The apostle Paul wrote this letter to Christians in Ephesus, a major city in what is now western Turkey, and in this section he is describing what spiritual maturity looks like. The word "infants" is a metaphor — Paul isn't being unkind, but describing people who are new or undeveloped in faith and therefore easily destabilized. "Winds of teaching" refers to false or misleading ideas about God that could pull believers away from truth — and Paul pointedly notes that some of these ideas are spread by people with deliberate, cunning intent to deceive. His larger point is that growing up in faith means becoming rooted deeply enough in truth that manipulation loses its grip on you.

Prayer

God, I don't want to be tossed around by whatever idea sounds convincing this week.

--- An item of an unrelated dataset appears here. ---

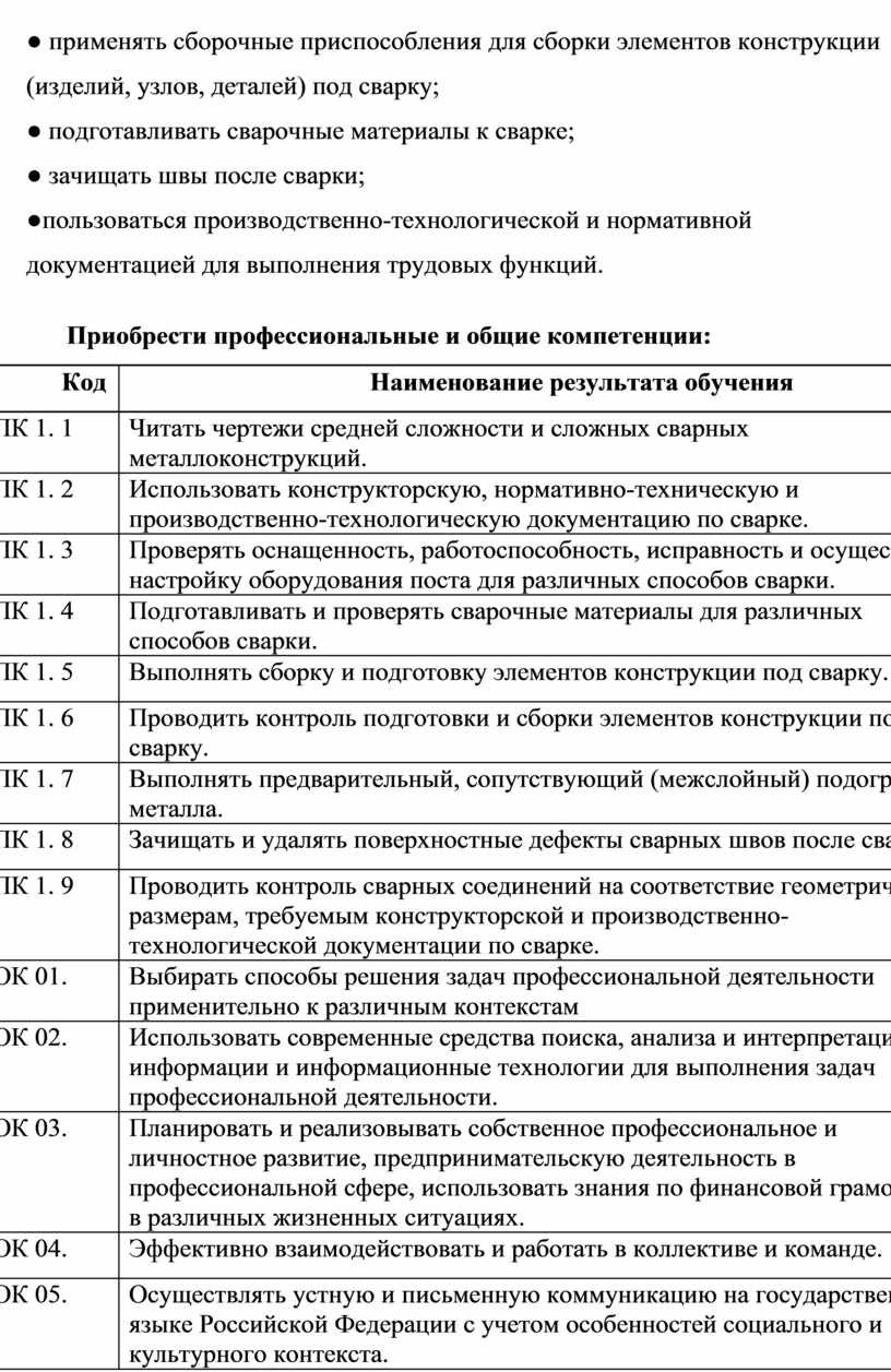 ПК 1.1. Читать чертежи средней сложности и сложных сварных металлоконструкций. ПК 1.2. Использовать конструкторскую, нормативно-техническую и производственно-технологическую документацию по сварке. ПК 1.3. Проверять оснащенность, работоспособность, исправность и осуществлять настройку оборудования поста для различных способов сварки. ПК 1.4. Подготавливать и проверять сварочные материалы для различных способов сварки. ПК 1.5. Выполнять сборку и подготовку элементов конструкции под сварку. ПК 1.6. Проводить контроль подготовки и сборки элементов конструкции под сварку. ПК 1.7. Выполнять предварительный, сопутствующий (межслойный) подогрева металла. ПК 1.8. Зачищать и удалять поверхностные дефекты сварных швов после сварки.

Ground me in what is actually true — not just what is trending or comfortable. Give me the humility to keep learning and the rootedness to stay steady when things get confusing and the waves come. Amen.

Reflection

Have you ever changed your mind about something important — not because you thought it through, but because someone confident told you what to think? It happens in faith too. A charismatic teacher, a trending idea, a compelling podcast, and suddenly what you believed last year feels embarrassing and small. Not every shift is growth. Some of it is just drift. Paul's image of infants tossed on waves isn't a comment on intelligence — it's about the absence of roots. You can be sharp and still be adrift. Maturity in faith isn't rigidity — it isn't digging in your heels at every new idea and calling that conviction. But it does require knowing why you believe what you believe, not just what you've been told to believe. The grounded person can hold a challenging argument up to the light without panicking, without abandoning everything or slamming the door shut. So what are you actually anchored to? Not the aesthetic of your church, not your favorite writer's opinions, but the actual substance of what you've come to trust. That's what holds at 2 AM when the waves arrive — and they always do.

Discussion Questions

1

What does Paul mean by "infants" in the faith, and what are the signs that someone is still in that stage versus growing toward maturity?

2

Can you identify a time when you were significantly swayed in your beliefs by a persuasive voice rather than careful reflection? What did you learn from that experience?

3

Is spiritual stability the same thing as certainty? Can a person be genuinely grounded and still carry honest, unresolved doubts?

4

How does your community of faith help protect you from misleading or manipulative teaching — or does it? What would make it healthier in that regard?

5

What is one thing you could do in the next month to deepen your roots — to move from holding beliefs casually to actually knowing what you stand on?